David's world started to feel strange, thick. Everything came through a layer of sensory mass, strobing his sight and sharpening his hearing. The fur was erupting now, all over her butt, a thing that was both large and wide. It had to make room for the passage, the opening, but all this butt seemed excessive even to her.

"Naww... no way..." "Heee... pretty good, right?" David stumbled back into the sofa, feet not entirely with the program. Something was dragging them down, two somethings. Syrup within, and keratin without. The nails had gone rogue, merging together into a single hard shell, darkening and thickening into a powerful hoof. She grabbed at it, letting her fingers slide along the inhuman surface, even as they too started to gain much of the same.

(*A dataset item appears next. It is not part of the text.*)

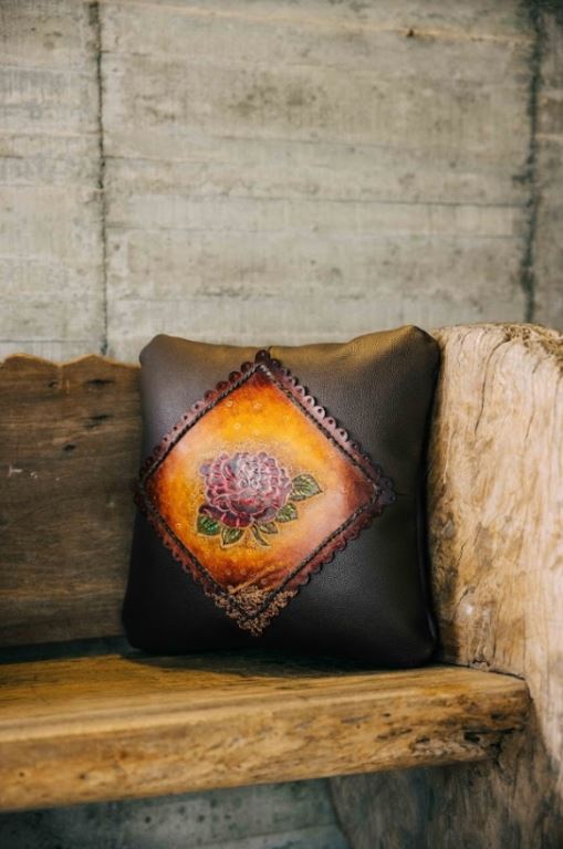 厚實的純牛皮材質一摸就知道,溫潤扎實的手感為簡單的抱枕增添質感。
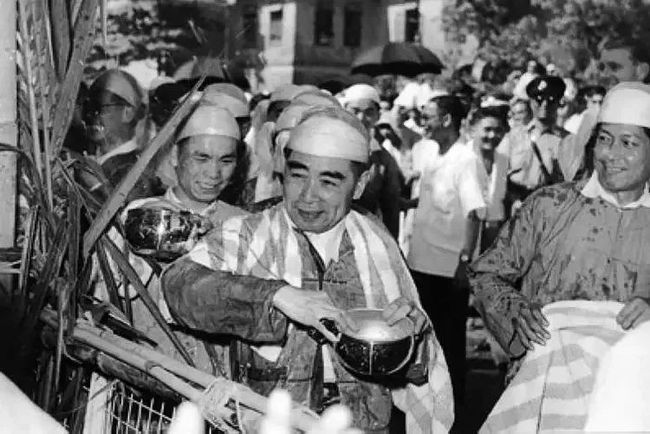 △1960年4月,周恩来同缅甸人民欢庆泼水节。

"My... my feet. My hands..." "You don't need those to have a good time." "But... they're mine!" "They're still yours. Just... what's the word..." "Solid." "Reformed?" He thought that was the word, though it was hard to come up with the right words as the world became less worded entirely. Lights became more real and less real at the same time. Equilibrium was not a state, but a thing that could be moved if the mind willed it, and the mind was constantly playing catch up.

David was yammering, lips moving with nothing coming out. She stared at the hooves, the things in place of hands, and they... they...

"!"

Marcy was there, leaning in against her. His neck was covered in that nice silver fur, and it smelled so much like home. She smelled, even as her nose opened wider, moving forward and growing to new lengths. It was... comforting, for Marcy to lean on her, and then she on him. Something about it just made all the worries fall away. She was worried about something what was...

"Don't worry about it." "Huh?" "You're trying to worry about it. That's the beauty of the stuff, you forget a little unless you want to." "Do I want to?" "Not really. You came here to have fun." "I'm having Marcy." "Hawwhaww. Yep."

Marcy leaned back against the sofa, away from David, though their eyes were drawn to the massive Thing now wobbling between his nethers. The lips had long since sunk down, thickened in the middle to form two large dangling balls, and the lurid shaft demanded attention.

"Sss the bad part about it tho. Not really a sexy drug." "I'm... kinda feelin..." "Yeah, but only for a moment. You can't really, no matter how hard you try." "Darn." "Yeah. It's a darn." He stared at his darn, and was pretty pleased nonetheless.

David made to get up, but something cracked deep in her back, and she toppled forward.

"Whassa matter?" "I... I cawwn't get up!"

"You're pretty up to meeEe" "MarcEE please..." "It's alright. We can have fAWWn on all fours."

Marcy got down with the program as well, testing his hooves, and marveling at how thick his torso had become. Barrel-like, with serious girth all the way around. David blushed a bit at the sight, but more so as she felt something wobble gently below her crotch. Teats, her teats, and they did feel quite nice.

The two knelt together into a little snuggle as thoughts of other things slowly became forgotten. There was a nice donkey here, their nice donkey, and they'd have a lot of fun together. Why would they need to do anything else?


"So you can't come in." "NAWWt right now. Like... if there's work I can do rEEmotely..." "We're working on the presentation. Together." "YEEEah... no. I can't drive like this." "Lampwick syndrome, you said." "I can give you my dAWWctor's info if you want." "That... that's fine, David. Just... get better, alright?" "Will do, bAWWs."

David awkwardly slid the phone back down onto the receiver, as Marcy trotted over for another snuggle. "Success?" "Kinda. I mean, hAWW do you tell your boss that you're hung over. With DaWWnkey parts."

"Internships HAWwn't that important." "Such a donkey." "HEE-HAWW." "Sounds so weird." "Do it while it lasts, man." "YeEEs, I guess."

Their tails swished happily as they vaguely thought about waking up. Mario Kart was much harder with hooves, but goodness they tried. As long as they were trying together, it wasn't so bad.